Shinhan Bank CEO Jin Ok-dong / Courtesy of Shinhan Bank

Shinhan and KB reappoint most CEOs of their key affiliates with new terms

By Anna J. Park

Shinhan Financial Group has chosen a path of leadership stability for the next couple of years, after reappointing 11 incumbent CEOs out of its 14 affiliates to continue in their positions for one or two year terms.

The group said Friday that top management, including Chairman Cho Yong-byoung, had decided that the 11 would keep their posts at least for the next year. Out of them, Shinhan Bank CEO Jin Ok-dong and Shinhan Card CEO Lim Young-jin, who head the two key affiliates of the financial giant, were given two-year terms.

Usually, financial firms here give CEOs a two-year term, followed by a one-year term if they have been successful managers. The group explained that the two-year term will allow Jin and Lim to promote mid- to long-term strategies amid the market uncertainties and fast-changing environment in the financial sector.

“CEOs reappointed for just one year tend to focus on short-term goals, rather than mid- to long-term strategies. With the two-year term, Jin and Lim will have enough time to exercise and strengthen responsible leadership,” an official of the group said.

Shinhan said that CEOs who demonstrated excellent leadership in digital transformation and business portfolio diversification were chosen to continue their leadership. If confirmed later this month, the CEOs will continue at their posts starting at the beginning of next year.

KB Financial Group also announced a list of CEOs for its 10 affiliates whose chiefs' terms end this year.

Out of the ten, affiliates including KB Securities, KB Kookmin Card, KB Capital and KB Life Insurance will probably see the same leader retained for next year, while the top positions at KB Insurance, KB Real Estate Trust and KB Credit Information will be filled with new CEOs.

The recommended candidates will be confirmed to lead the affiliates later this month, after a vote at a shareholders meeting. The group explained that its CEO recommendations were based on proven capabilities to continue sustainable and stable growth for the group in the coming years.

The reappointment of KB Securities' incumbent co-CEOs ― Park Jeong-rim and Kim Seong-hyun ― for another year was unexpected, as Park received a reprimand from the Financial Supervisory Service (FSS) last month for his responsibility in failing to curb the mis-selling of problematic Lime funds. The financial watchdog's punishment was considered severe, although not-binding, and its final confirmation will be made at a Financial Services Commission committee meeting later this month.
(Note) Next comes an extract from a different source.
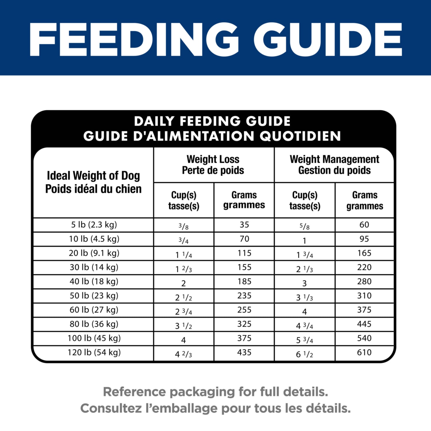 | Ideal Weight of Dog — lbs (kgs) | Amount per Day - cups (grams) - Weight loss | Amount per Day - cups (grams) - Adult maintenance |

“In an environment where digital trends and a low growth structure have become the norm, the recommendation committee selected CEO candidates based on their proven track records who can produce sustainable growth,” KB group's recommendation committee said, adding that the incumbents' achievements during their terms, including execution of long-term strategies and flexible leadership skills were all considered.

Meanwhile, Woori Financial Group announced four new CEO candidates to head Woori Card, Aju Capital, Woori FIS and Woori Finance Research Institute.

Kim Jung-ki, current head of the Business Department at Woori Card, was recommended to lead the card arm of the financial group from next year, while Park Kyoung-hoon, CFO and vice president at Woori Financial Group, was tapped to head Aju Capital.

“Through organizational restructuring, the financial group aims to maximize its digital competitiveness and ESG management, while creating synergy among affiliates and strengthening brand value,” a group official said.